#### TASK DIRECTIONS
Find every line in the listing below that includes the word "holiday", then give only how many there are.

===== EXERCISE INPUT

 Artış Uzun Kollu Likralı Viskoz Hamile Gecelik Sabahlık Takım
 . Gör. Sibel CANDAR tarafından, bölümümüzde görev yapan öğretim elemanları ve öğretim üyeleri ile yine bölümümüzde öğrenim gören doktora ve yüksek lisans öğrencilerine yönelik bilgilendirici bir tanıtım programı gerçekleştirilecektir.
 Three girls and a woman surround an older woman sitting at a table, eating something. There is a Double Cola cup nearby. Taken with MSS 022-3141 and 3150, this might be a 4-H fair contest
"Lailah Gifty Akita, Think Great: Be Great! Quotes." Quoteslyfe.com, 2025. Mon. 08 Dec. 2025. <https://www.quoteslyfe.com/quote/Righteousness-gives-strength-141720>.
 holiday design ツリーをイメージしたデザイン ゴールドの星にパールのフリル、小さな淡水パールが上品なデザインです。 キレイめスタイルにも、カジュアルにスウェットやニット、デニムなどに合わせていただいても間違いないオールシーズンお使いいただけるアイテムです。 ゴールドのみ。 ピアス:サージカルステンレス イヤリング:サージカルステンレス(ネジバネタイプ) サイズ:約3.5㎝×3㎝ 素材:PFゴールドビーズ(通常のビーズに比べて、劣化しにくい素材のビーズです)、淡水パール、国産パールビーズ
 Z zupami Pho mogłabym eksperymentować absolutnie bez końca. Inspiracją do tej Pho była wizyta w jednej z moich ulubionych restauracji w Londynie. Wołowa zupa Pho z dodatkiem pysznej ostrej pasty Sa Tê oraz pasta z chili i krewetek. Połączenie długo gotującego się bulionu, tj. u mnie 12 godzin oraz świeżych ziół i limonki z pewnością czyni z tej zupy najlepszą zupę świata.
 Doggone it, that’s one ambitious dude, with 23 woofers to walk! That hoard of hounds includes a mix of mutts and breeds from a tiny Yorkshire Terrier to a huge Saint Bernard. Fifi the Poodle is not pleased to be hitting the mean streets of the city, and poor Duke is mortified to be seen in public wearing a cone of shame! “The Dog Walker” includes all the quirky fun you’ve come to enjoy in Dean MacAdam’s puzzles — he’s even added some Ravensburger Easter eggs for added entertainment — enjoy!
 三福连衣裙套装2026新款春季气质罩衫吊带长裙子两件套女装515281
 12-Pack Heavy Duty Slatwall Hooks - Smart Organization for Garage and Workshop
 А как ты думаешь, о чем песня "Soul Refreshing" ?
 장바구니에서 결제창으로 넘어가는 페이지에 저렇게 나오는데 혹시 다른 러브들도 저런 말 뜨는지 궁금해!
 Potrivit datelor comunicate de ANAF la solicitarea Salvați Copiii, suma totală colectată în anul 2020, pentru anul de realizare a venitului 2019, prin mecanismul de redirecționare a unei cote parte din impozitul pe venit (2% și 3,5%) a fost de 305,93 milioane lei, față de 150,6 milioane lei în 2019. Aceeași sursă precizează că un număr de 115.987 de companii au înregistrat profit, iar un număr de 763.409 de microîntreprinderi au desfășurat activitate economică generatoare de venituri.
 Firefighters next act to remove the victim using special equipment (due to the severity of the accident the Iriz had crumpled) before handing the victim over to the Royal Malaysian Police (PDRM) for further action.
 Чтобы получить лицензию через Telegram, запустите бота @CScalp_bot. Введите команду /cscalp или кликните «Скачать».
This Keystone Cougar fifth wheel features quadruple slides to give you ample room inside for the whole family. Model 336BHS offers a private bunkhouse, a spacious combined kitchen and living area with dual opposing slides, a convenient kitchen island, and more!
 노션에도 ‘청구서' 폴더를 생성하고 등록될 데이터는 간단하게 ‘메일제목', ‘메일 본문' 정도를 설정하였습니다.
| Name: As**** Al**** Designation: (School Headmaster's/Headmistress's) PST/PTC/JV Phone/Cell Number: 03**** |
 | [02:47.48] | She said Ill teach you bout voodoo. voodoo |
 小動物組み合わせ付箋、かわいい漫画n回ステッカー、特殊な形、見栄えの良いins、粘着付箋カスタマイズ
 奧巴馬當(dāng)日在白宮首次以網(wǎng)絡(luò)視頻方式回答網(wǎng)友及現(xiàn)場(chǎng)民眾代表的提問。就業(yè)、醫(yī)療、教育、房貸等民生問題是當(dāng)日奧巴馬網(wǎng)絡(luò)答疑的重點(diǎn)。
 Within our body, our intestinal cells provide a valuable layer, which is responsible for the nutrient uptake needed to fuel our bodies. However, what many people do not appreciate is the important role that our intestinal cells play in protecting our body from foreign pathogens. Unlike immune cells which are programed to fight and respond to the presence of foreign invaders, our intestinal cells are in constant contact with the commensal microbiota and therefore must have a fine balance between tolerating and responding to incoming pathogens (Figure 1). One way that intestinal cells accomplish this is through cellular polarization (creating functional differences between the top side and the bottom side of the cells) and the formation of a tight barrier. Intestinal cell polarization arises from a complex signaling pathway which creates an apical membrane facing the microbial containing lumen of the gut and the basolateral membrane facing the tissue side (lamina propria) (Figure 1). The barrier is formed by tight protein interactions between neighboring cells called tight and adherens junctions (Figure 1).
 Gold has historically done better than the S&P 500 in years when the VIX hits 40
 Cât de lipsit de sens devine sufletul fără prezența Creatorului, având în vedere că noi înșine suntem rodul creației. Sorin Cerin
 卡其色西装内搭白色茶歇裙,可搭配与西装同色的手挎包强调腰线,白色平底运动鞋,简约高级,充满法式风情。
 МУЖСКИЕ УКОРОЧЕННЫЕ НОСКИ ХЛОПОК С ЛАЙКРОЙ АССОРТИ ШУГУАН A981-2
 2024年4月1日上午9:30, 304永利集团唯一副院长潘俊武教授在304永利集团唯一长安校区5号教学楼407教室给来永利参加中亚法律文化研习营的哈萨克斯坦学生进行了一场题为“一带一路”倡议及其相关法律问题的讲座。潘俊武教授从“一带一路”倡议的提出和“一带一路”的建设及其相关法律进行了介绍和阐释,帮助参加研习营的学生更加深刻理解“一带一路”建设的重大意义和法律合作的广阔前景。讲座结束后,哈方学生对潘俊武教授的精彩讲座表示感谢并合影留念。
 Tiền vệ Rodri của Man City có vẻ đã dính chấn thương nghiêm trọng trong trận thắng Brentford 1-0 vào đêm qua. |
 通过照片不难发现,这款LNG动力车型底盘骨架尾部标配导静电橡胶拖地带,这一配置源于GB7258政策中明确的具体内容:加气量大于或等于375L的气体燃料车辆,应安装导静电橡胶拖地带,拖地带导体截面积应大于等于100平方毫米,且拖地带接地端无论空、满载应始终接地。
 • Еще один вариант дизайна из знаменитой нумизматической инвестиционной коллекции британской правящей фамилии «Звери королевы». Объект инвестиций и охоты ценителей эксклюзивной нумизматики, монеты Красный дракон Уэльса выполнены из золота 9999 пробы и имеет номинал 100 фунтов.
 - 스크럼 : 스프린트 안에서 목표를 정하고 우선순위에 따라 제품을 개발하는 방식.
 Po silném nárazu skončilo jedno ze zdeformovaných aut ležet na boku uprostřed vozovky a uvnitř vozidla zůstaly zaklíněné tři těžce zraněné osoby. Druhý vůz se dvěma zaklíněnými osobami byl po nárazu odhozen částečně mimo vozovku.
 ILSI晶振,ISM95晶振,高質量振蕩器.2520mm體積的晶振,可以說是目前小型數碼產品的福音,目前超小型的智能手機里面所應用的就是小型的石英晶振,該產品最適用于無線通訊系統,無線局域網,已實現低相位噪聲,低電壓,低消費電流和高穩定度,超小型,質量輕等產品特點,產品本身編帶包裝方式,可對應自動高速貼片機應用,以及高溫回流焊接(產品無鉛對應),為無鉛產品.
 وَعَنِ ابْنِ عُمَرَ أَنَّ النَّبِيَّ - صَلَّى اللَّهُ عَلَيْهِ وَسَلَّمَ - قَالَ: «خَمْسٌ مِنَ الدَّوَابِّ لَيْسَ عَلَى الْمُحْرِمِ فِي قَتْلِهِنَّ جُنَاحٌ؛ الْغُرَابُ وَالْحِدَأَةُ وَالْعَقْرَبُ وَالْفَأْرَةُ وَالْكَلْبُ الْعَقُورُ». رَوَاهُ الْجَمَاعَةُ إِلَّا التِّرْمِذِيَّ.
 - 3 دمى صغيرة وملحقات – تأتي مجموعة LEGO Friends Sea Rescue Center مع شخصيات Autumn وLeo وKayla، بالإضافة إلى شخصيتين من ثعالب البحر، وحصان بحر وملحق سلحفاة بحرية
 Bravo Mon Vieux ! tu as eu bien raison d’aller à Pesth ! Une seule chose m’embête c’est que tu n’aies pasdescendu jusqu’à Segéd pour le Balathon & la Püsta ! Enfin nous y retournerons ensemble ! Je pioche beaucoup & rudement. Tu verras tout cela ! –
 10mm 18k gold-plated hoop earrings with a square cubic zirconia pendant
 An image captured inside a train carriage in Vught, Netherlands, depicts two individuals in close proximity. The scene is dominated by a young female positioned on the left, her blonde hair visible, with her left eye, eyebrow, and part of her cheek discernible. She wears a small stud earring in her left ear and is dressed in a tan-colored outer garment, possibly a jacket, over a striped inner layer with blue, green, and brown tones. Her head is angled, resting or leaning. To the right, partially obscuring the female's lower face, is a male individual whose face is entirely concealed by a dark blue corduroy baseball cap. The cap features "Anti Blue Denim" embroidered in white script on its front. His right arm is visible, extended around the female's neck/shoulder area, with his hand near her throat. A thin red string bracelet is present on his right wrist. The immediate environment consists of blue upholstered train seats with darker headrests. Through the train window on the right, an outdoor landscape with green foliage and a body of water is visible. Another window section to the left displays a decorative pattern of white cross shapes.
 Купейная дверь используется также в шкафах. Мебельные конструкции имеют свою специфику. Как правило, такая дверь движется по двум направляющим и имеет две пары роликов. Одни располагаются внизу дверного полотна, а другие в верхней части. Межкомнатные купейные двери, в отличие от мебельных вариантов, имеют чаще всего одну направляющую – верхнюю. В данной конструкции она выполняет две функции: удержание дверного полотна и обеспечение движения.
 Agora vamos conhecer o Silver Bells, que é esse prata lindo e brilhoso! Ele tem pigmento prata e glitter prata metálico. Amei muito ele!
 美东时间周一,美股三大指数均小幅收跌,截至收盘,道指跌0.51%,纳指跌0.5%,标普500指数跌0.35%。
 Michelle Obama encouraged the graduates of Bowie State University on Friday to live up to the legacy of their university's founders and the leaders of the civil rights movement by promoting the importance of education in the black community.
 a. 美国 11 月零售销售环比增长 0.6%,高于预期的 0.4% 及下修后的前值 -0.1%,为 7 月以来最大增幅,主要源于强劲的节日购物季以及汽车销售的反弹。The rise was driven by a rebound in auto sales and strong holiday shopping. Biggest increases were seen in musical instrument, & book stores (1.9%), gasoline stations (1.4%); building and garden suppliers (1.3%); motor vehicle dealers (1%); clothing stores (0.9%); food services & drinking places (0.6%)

==========

#### RESPONSE TO THIS TASK
2